I see tons of scripts with bizarre or bland names and often wonder what the hell people are thinking when they name their script. 

So what are you thinking about when you name your script? To accompany this post, I'm pasting a link to an interesting article discussing this very topic thread https://www.moviemaker.com/archives/series/first-draft/first-draft-scree...

Craig D Griffiths

Title is all important, "Shawshank Redemption" did nothing at the cinema. Won awards, people hunted down the tape/DVD. I think it still holds some retail sale records.

Erik A. Jacobson

Three different elements of a script are all-important; the title, logline, and poster. And of these three, the title is most critical. I'm currently writing a microbudget that I expect to shoot/produce myself within the next several months, so my situation is a bit different. But I can honestly say that I agonized over the title first, then the uniqueness of the story and contained locations, followed by the logline and poster concept. When they all come together and magically click, there'a feeling of unstopability that sweeps over you that's hard to put into words.

Craig D Griffiths

I just give thing working titles. Films get retitled in different markets all the time. "Mad Max" was retitled "The Road Warrior" for the American market.

Anthony Moore

Some scripts I have a title before I put pen to paper; others, I agonize over, give a working title, change it, go punch a bag, ride my motorcycle, have drink and then throw darts at random pages in the dictionary.

Mike W. Rogers

All working titles, I try to make them relevant to the central underlying theme. Movie about a girl protagonist n a video game contest, 'Flipping the Score', that kind of thing.

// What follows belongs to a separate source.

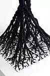The fragmentation of cultural identity is a running theme throughout “Truths Be Told.” We see it in Sonya Clark’s (no relation to Kathryn Clark) diptych of braided sculptures. Clark, an American artist of Afro-Caribbean descent, uses the Euro-American language of minimalism to confront the continued stigmatization of natural Black hairstyles. We also see it in the work of Marie Watt (Seneca and European), Nicholas Galanin (Tlingit and Unangax) and Cannupa Hanska Luger (Mandan, Hidatsa, Arikara, Lakota and European), whose fusion Indigenous and Euro-American art creates intentional aesthetic dissonance. Galanin’s “Language Removal Tools for Indian Children, Sheldon Jackson,” for instance, presents a pair of child-sized handcuffs etched with Indigenous designs — a pointed reference to the forced assimilation policies pursued by Canadian missionary and education official Sheldon Jackson in the late 19th century.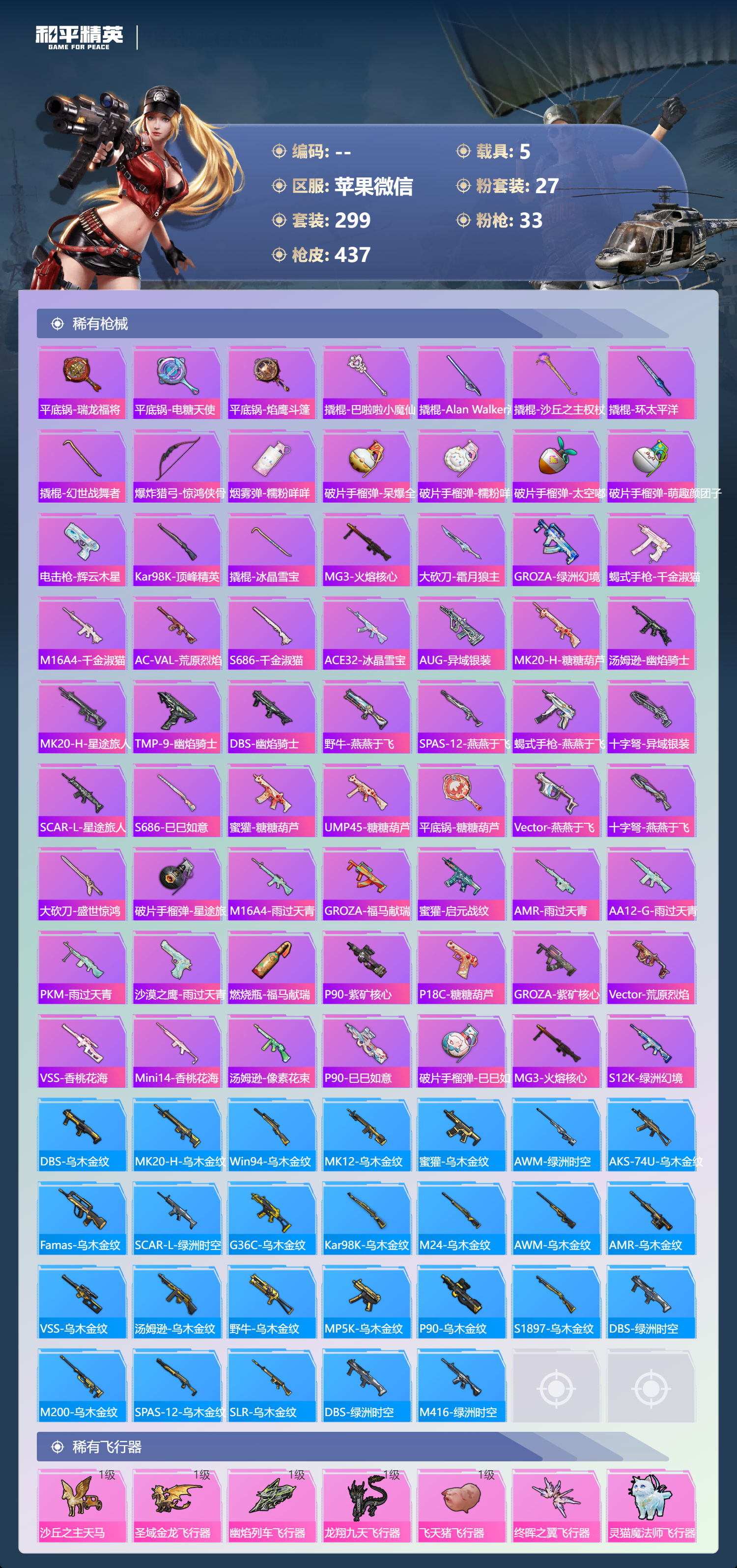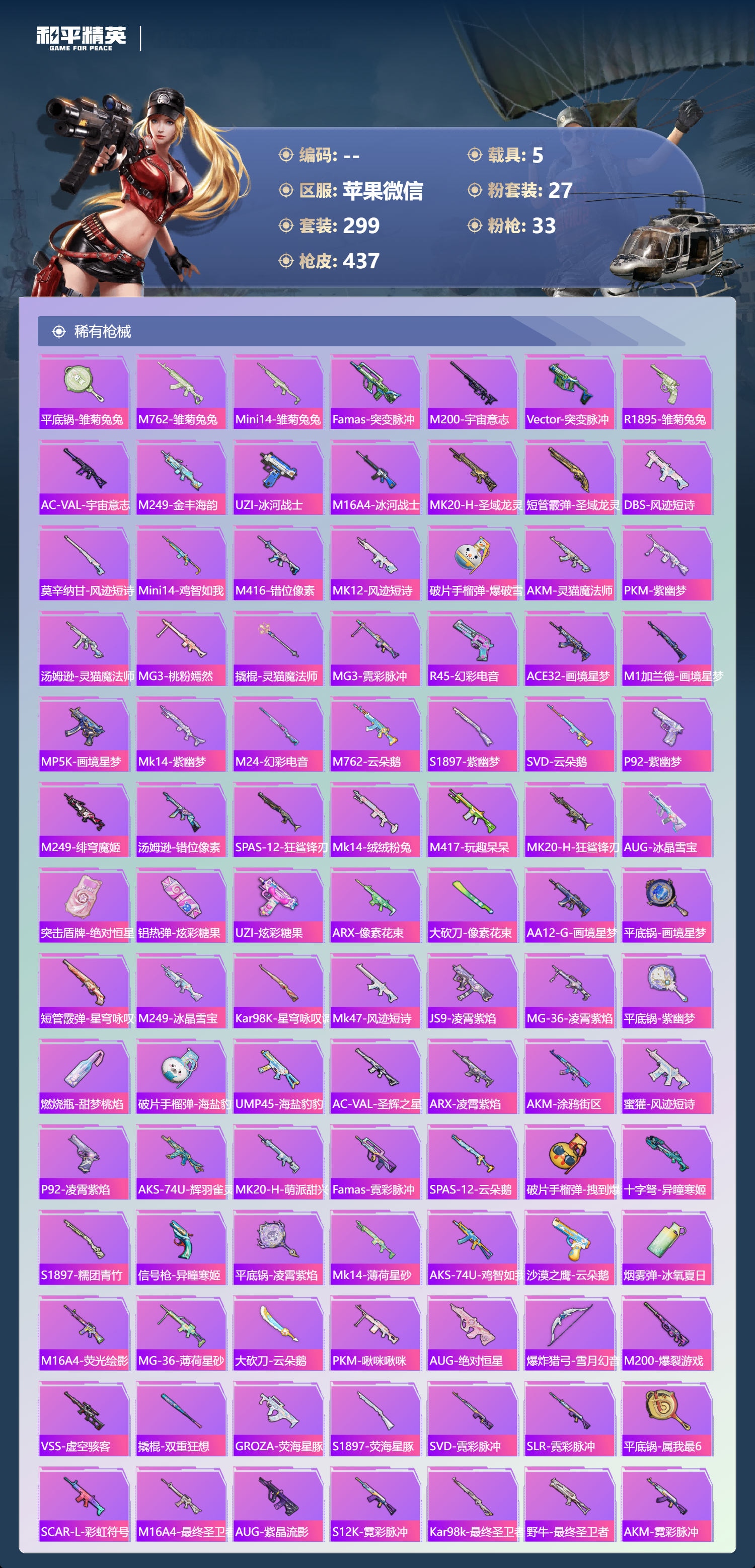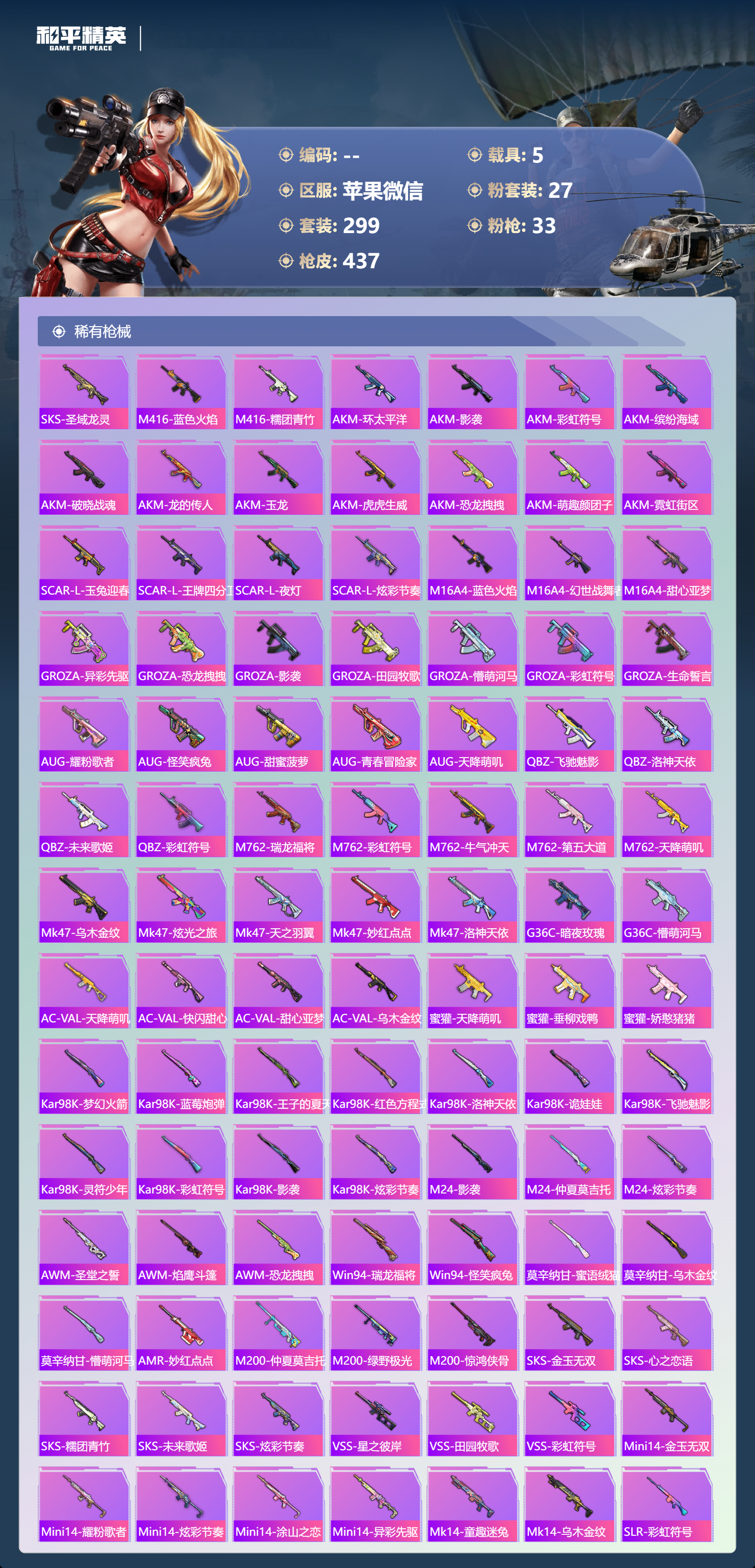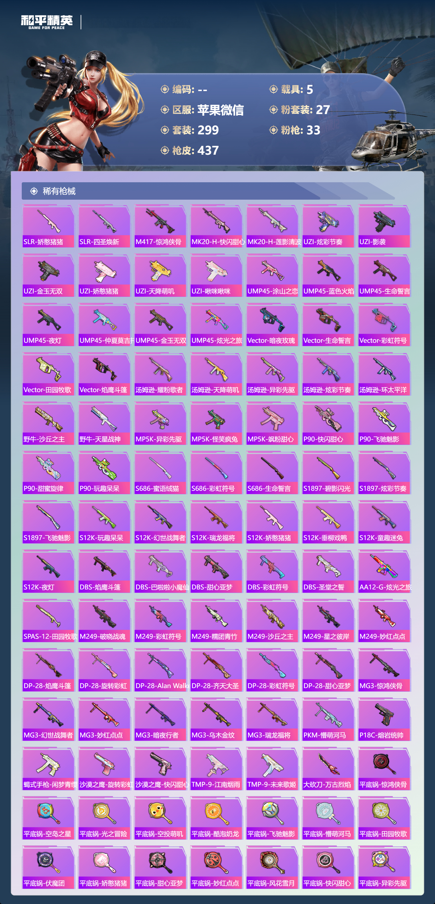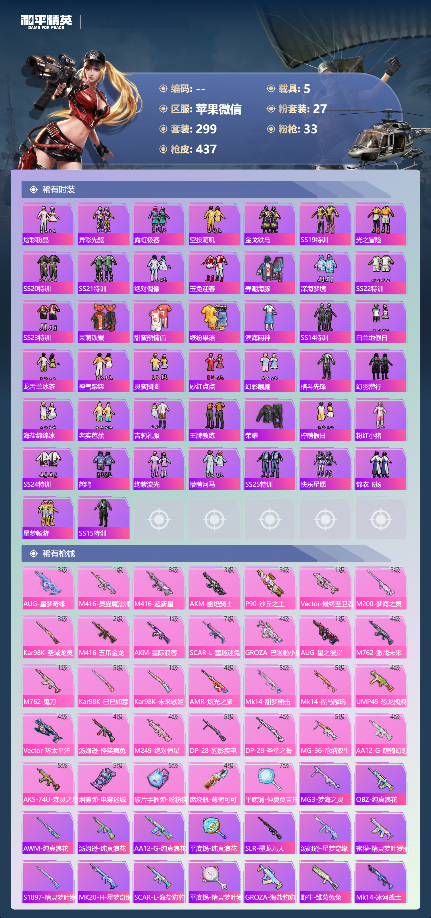 hs70644 苹果微信-22王牌印记-有战神框-1红装-27粉装-33特效枪-

Phillip E. Hardy, "The Real Deal"

You could use Run for the Roses. I think it's past the statute of limitations.

Abdur Mohammed

Hey uncle Phil....i will admit I spent a short amount of time trying to come up with a title...my goal was to limit my title to three words, and it must sum up the entire story/series...

Myron DeBose

Not a lot of time or thought goes into the title compared to the story outline or script. But the titles for my stories get revised a few times around.

Doug Nelson

I start a new project with a working title so that I can keep them separated and findable in the files but the titles almost always change; The Game became Aces and Eights (as an example.)

Craig D Griffiths

I heard comment the other day that a title can get someone to read your spec. American Hustle was originally titled American Bullshit, it got read. But just like a label on the bottle of wine, it may be memorable, but it's the content that counts.

Steve Cleary

I'm a firm believer in perfecting the movie title! Can you imagine how many people would have gone to see "The Space Farmboy"? Who knows how many brilliant films/scripts were ignored because their titles sucked?